DISCUSSION
In this article, we present algorithms that will enable clinicians to accurately identify their patients with asthma by searching data routinely recorded in Canadian EMR systems. These will enable clinicians to create asthma registries that can be used for practice audits and to target and evaluate quality improvement measures.
A simple individual search for use of billing code 493 provided a reasonable balance of sensitivity (78.6%) and specificity (89.2%).
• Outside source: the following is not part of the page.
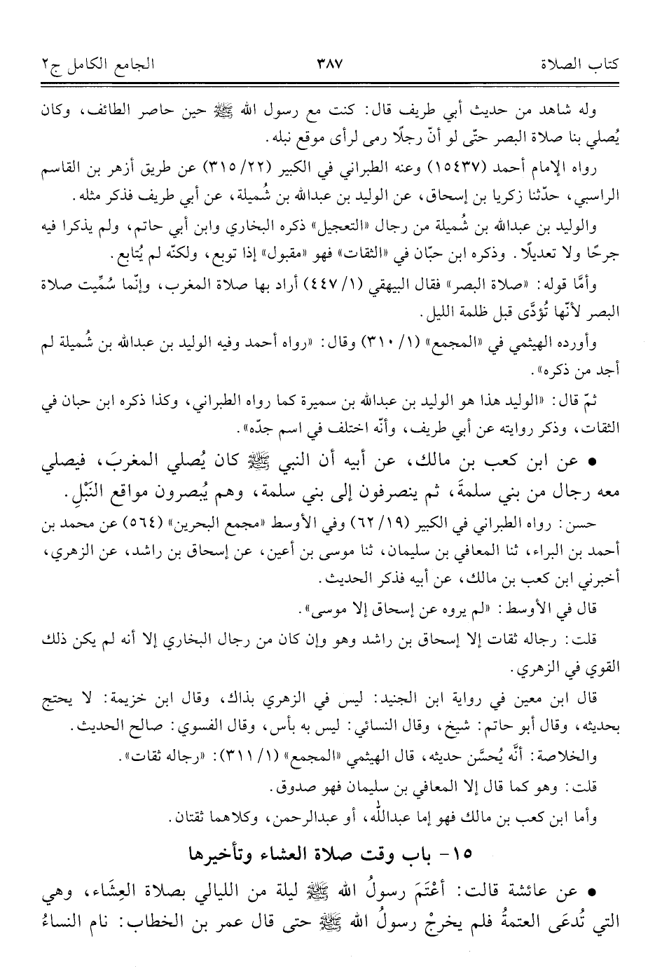 كتاب الجامع الكامل في الحديث الصحيح الشامل المرتب على أبواب الفقه (اسم الجزء: 2)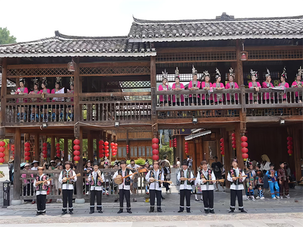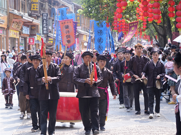 肇兴“侗寨笙歌”迎宾朋活动。(石卫勇 摄)

However, combining individual searches into algorithms further improved their diagnostic yield, with the best overall accuracy achieved by the combination of asthma in the CPP or use of billing code 493. As expected, further excluding patients for whom a COPD code had been billed resulted in an algorithm with a higher specificity but a lower sensitivity owing to the fact that patients with a combination of asthma and
COPD were no longer counted (Table 3).
Observed sensitivities and specificities of individual search strategies and findings of the discordance analysis offer insight into both care and charting patterns. Prescription of asthma medications was neither particularly sensitive (78.6%) nor specific (63.6%). Sensitivity was limited because medications are not always required in mild asthma (14.3% of asthma subjects had not been prescribed a medication within the past year) (Table 2). Specificity was reduced both
by formulations of these drugs used for non-asthma conditions (eg, nasal steroid sprays) and because asthma medications are also used for COPD. Indeed, exclusion of patients prescribed medications used predominantly for COPD increased the specificity of this algorithm to 73.4%.